Awesome
XTTS-WebUI
Portable version
The project now has a portable version, so you don't have to go to the trouble of installing all the dependencies.
You don't need anything but Windows and an Nvidia graphics card with 6 GB of video memory to run it.
The Train tab is broken, if you want to train a model use a separate webui
xtts-finetune-webui
Readme is available in the following languages
About the Project
XTTS-Webui is a web interface that allows you to make the most of XTTS. There are other neural networks around this interface that will improve your results. You can also fine tune the model and get a high quality voice model.
Key Features
- Easy working with XTTSv2
- Batch processing for dubbing a large number of files
- Ability to translate any audio with voice saving
- Ability to improve results using neural networks and audio tools automatically
- Ability to fine tune the model and use it immediately
- Ability to use tools such as: RVC, OpenVoice, Resemble Enhance, both together and separately
- Ability to customize XTTS generation, all parameters, multiple speaking samples
TODO
- Add a status bar with progress and error information
- Integrate training into the standard interface
- Add the ability to stream to check the result
- Add a new way to process text for voiceover
- Add the ability to customize speakers when batch processing
- Add API
Installation
Use this web UI through Google Colab
Please ensure you have Python 3.10.x or Python 3.11, CUDA 11.8 or CUDA 12.1 , Microsoft Builder Tools 2019 with c++ package, and ffmpeg installed
1 Method, through scripts
Windows
To get started:
- Run 'install.bat' file
- To start the web UI, run 'start_xtts_webui.bat'
- Open your preferred browser and go to local address displayed in console.
Linux
To get started:
- Run 'install.sh' file
- To start the web UI, run 'start_xtts_webui.sh'
- Open your preferred browser and go to local address displayed in console.
2 Method, Manual
Follow these steps for installation:
-
Ensure that
CUDA
is installed -
Clone the repository:
git clone https://github.com/daswer123/xtts-webui
-
Navigate into the directory:
cd xtts-webui
-
Create a virtual environment:
python -m venv venv
-
Activate the virtual environment:
- On Windows use :
venv\scripts\activate
- On linux use :
source venv\bin\activate
- On Windows use :
-
Install PyTorch and torchaudio with pip command :
pip install torch==2.1.1+cu118 torchaudio==2.1.1+cu118 --index-url https://download.pytorch.org/whl/cu118
-
Install all dependencies from requirements.txt :
pip install -r requirements.txt
Running The Application
To launch the interface please follow these steps:
Starting XTTS WebUI :
Activate your virtual environment:
venv/scripts/activate
or if you're on Linux,
source venv/bin/activate
Then start the webui for xtts by running this command:
python app.py
Here are some runtime arguments that can be used when starting the application:
Argument | Default Value | Description |
---|---|---|
-hs, --host | 127.0.0.1 | The host to bind to |
-p, --port | 8010 | The port number to listen on |
-d, --device | cuda | Which device to use (cpu or cuda) |
-sf,--speaker_folder | speakers/ | Directory containing TTS samples |
-o,--output | "output/" | Output directory |
-l,--language | "auto" | Webui language, you can see the available translations in the i18n/locale folder. |
-ms,--model-source | "local" | Define the model source: 'api' for latest version from repository, api inference or 'local' for using local inference and model v2.0.2 |
-v,-version | "v2.0.2" | You can specify which version of xtts to use.
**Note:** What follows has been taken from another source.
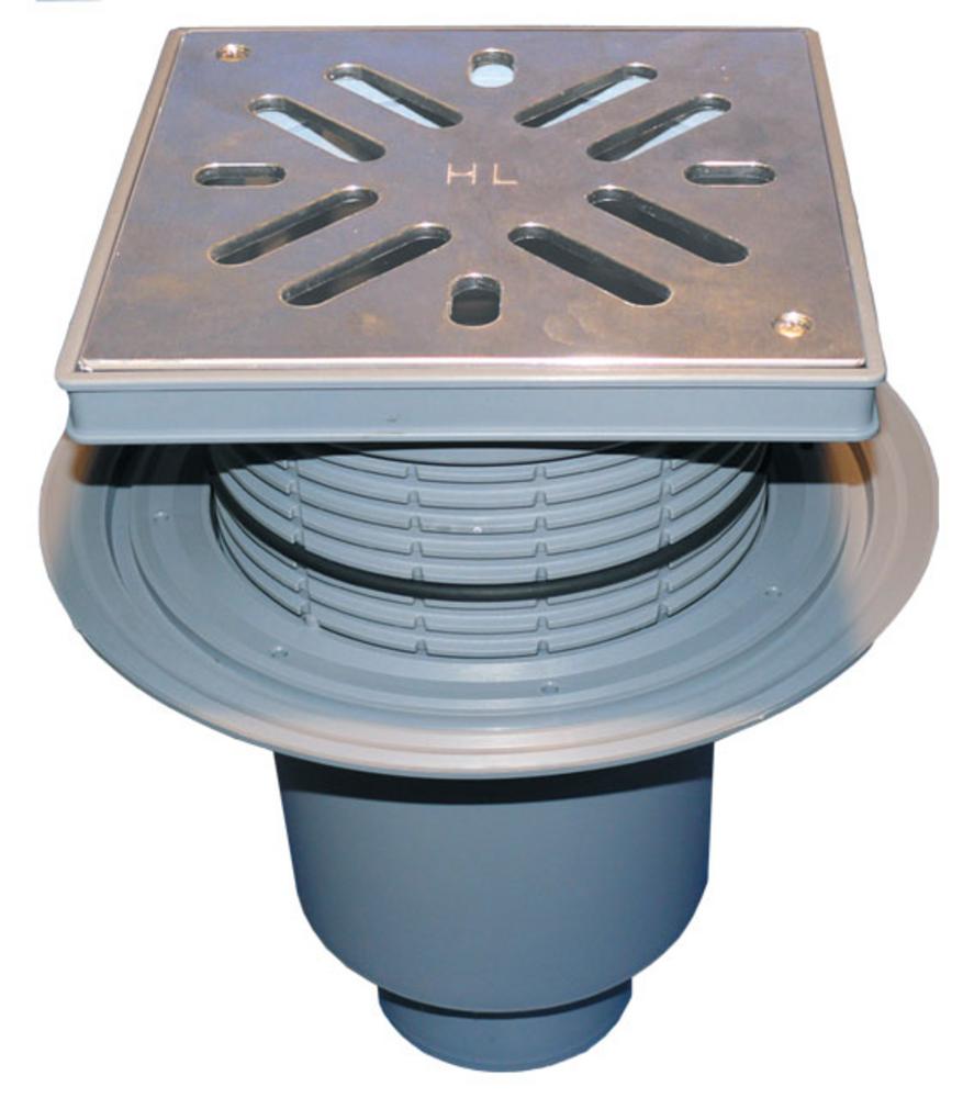 Dvorný vtok Perfekt DN110 vertikálny s izolačným tanierom, plastovým rámikom 240x240mm, nerezovou mriežkou 226x226mm, sifónom HL616SW/1

You can specify the name of the custom model for this purpose put the folder in models and specify the name of the folder in this flag |
--lowvram | Enable low vram mode which switches the model to RAM when not actively processing | |
--deepspeed | Enable deepspeed acceleration. Works on windows on python 3.10 and 3.11 | |
--share | Allows sharing of interface outside local computer | |
--rvc | Enable RVC post-processing, all models should locate in rvc folder |
TTS -> RVC
Module for RVC, you can enable the RVC module to postprocess the received audio for this you need to add the --rvc flag if you are running in the console or write it to the startup file
In order for the model to work in RVC settings you need to select a model that you must first upload to the voice2voice/rvc folder, the model and index file must be together, the index file is optional, each model must be in a separate folder.
Differences between xtts-webui and the official webui
Data processing
- Updated faster-whisper to 0.10.0 with the ability to select a larger-v3 model.
- Changed output folder to output folder inside the main folder.
- If there is already a dataset in the output folder and you want to add new data, you can do so by simply adding new audio, what was there will not be processed again and the new data will be automatically added
- Turn on VAD filter
- After the dataset is created, a file is created that specifies the language of the dataset. This file is read before training so that the language always matches. It is convenient when you restart the interface
Fine-tuning XTTS Encoder
- Added the ability to select the base model for XTTS, as well as when you re-training does not need to download the model again.
- Added ability to select custom model as base model during training, which will allow finetune already finetune model.
- Added possibility to get optimized version of the model for 1 click ( step 2.5, put optimized version in output folder).
- You can choose whether to delete training folders after you have optimized the model
- When you optimize the model, the example reference audio is moved to the output folder
- Checking for correctness of the specified language and dataset language
Inference
- Added possibility to customize infer settings during model checking.
Other
- If you accidentally restart the interface during one of the steps, you can load data to additional buttons
- Removed the display of logs as it was causing problems when restarted
- The finished result is copied to the ready folder, these are fully finished files, you can move them anywhere and use them as a standard model
- Added support for Japanese here